> [AIM OF THE EXERCISE] For the records that follow, please set down exactly the lines between the one holding "Ordu’da sel ve" and the one holding "[이데일리 김태형 기자]", inclusive, and only those.

Segment Start: SOURCE MATERIAL

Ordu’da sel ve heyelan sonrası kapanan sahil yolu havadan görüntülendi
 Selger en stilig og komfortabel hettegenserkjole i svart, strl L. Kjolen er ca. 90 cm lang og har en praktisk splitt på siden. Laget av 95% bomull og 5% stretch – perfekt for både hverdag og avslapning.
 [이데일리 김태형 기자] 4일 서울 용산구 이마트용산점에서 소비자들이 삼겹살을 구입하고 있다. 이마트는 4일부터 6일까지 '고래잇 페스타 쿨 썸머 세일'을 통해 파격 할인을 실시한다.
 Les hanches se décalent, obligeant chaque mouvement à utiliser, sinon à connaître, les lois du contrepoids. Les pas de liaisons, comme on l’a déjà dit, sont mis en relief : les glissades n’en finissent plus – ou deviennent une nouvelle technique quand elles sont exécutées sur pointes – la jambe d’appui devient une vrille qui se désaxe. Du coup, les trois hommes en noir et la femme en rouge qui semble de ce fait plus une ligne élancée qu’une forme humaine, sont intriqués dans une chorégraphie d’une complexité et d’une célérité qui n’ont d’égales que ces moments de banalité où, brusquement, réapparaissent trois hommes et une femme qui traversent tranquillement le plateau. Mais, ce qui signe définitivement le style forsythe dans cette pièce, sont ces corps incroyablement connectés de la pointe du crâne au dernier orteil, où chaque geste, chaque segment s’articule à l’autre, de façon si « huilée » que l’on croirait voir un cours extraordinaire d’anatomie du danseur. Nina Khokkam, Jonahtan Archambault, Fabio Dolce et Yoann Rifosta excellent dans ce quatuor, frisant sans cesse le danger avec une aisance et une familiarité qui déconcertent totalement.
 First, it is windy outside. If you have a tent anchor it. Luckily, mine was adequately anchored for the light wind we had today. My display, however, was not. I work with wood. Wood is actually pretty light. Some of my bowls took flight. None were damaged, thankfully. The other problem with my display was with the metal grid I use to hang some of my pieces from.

Segment End: SOURCE MATERIAL
Segment Start: SOURCE MATERIAL

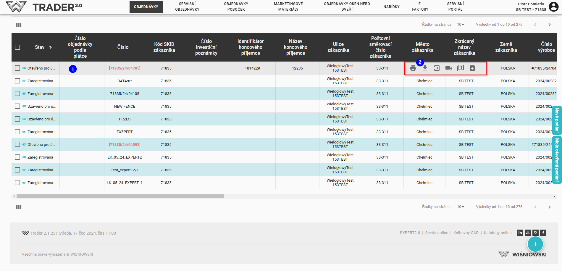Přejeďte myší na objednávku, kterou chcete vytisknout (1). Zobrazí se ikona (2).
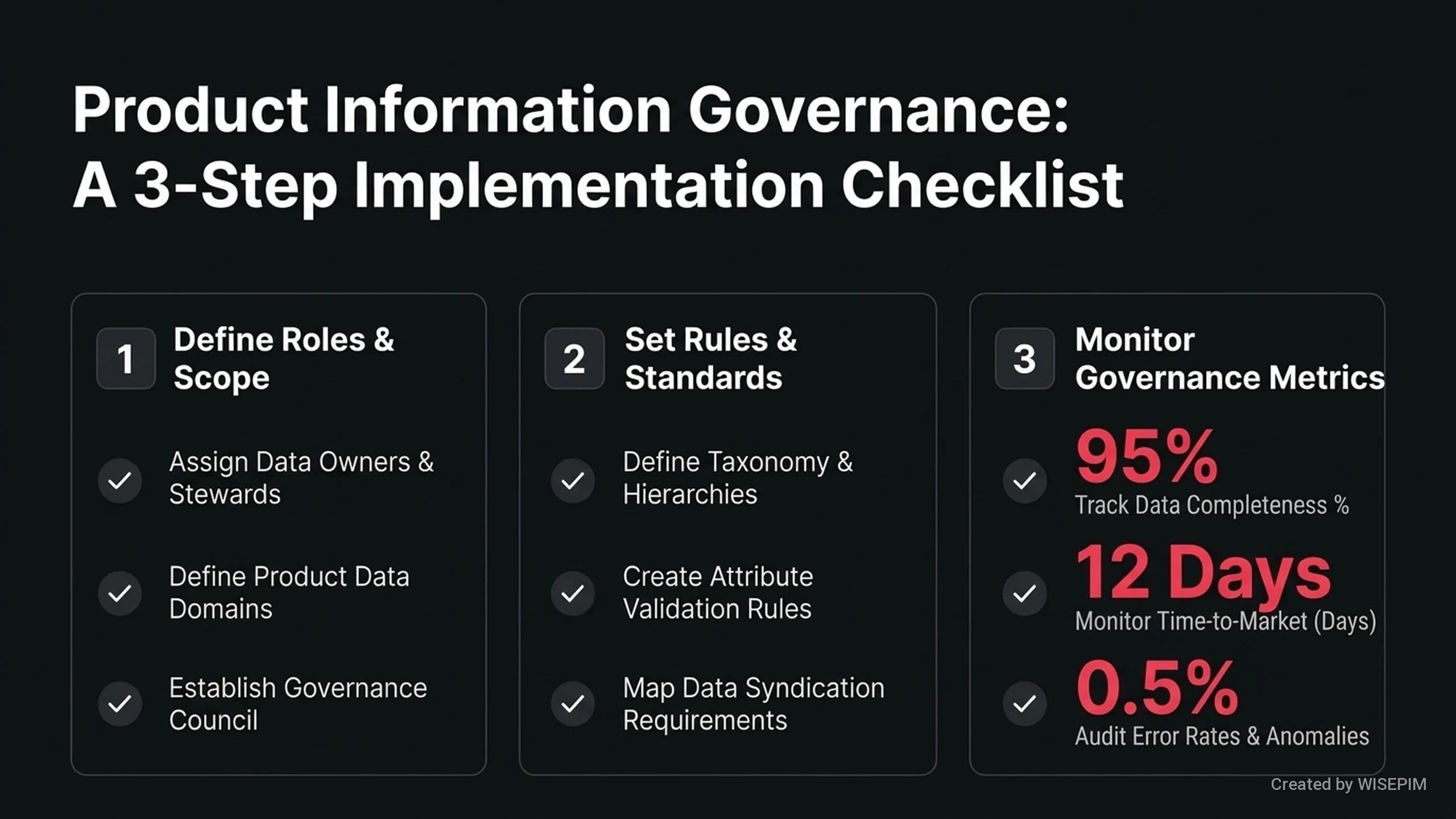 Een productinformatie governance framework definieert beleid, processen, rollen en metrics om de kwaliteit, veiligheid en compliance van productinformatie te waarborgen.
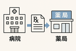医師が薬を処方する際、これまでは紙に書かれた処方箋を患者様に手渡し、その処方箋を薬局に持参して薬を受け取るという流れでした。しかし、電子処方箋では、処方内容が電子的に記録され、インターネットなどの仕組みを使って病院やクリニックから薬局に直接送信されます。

Segment End: SOURCE MATERIAL
Segment Start: SOURCE MATERIAL

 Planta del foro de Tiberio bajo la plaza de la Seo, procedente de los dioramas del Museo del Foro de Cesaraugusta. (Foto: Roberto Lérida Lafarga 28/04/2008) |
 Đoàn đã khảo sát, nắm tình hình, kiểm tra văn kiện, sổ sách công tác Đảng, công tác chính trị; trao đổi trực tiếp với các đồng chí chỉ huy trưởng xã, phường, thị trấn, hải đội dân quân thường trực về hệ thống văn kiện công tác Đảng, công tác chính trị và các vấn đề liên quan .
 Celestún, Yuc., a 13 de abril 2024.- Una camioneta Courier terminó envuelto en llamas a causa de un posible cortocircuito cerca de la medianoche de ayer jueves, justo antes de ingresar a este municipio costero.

Segment End: SOURCE MATERIAL

> [COMPLETED EXERCISE]
Ordu’da sel ve heyelan sonrası kapanan sahil yolu havadan görüntülendi
 Selger en stilig og komfortabel hettegenserkjole i svart, strl L. Kjolen er ca. 90 cm lang og har en praktisk splitt på siden. Laget av 95% bomull og 5% stretch – perfekt for både hverdag og avslapning.
 [이데일리 김태형 기자] 4일 서울 용산구 이마트용산점에서 소비자들이 삼겹살을 구입하고 있다. 이마트는 4일부터 6일까지 '고래잇 페스타 쿨 썸머 세일'을 통해 파격 할인을 실시한다.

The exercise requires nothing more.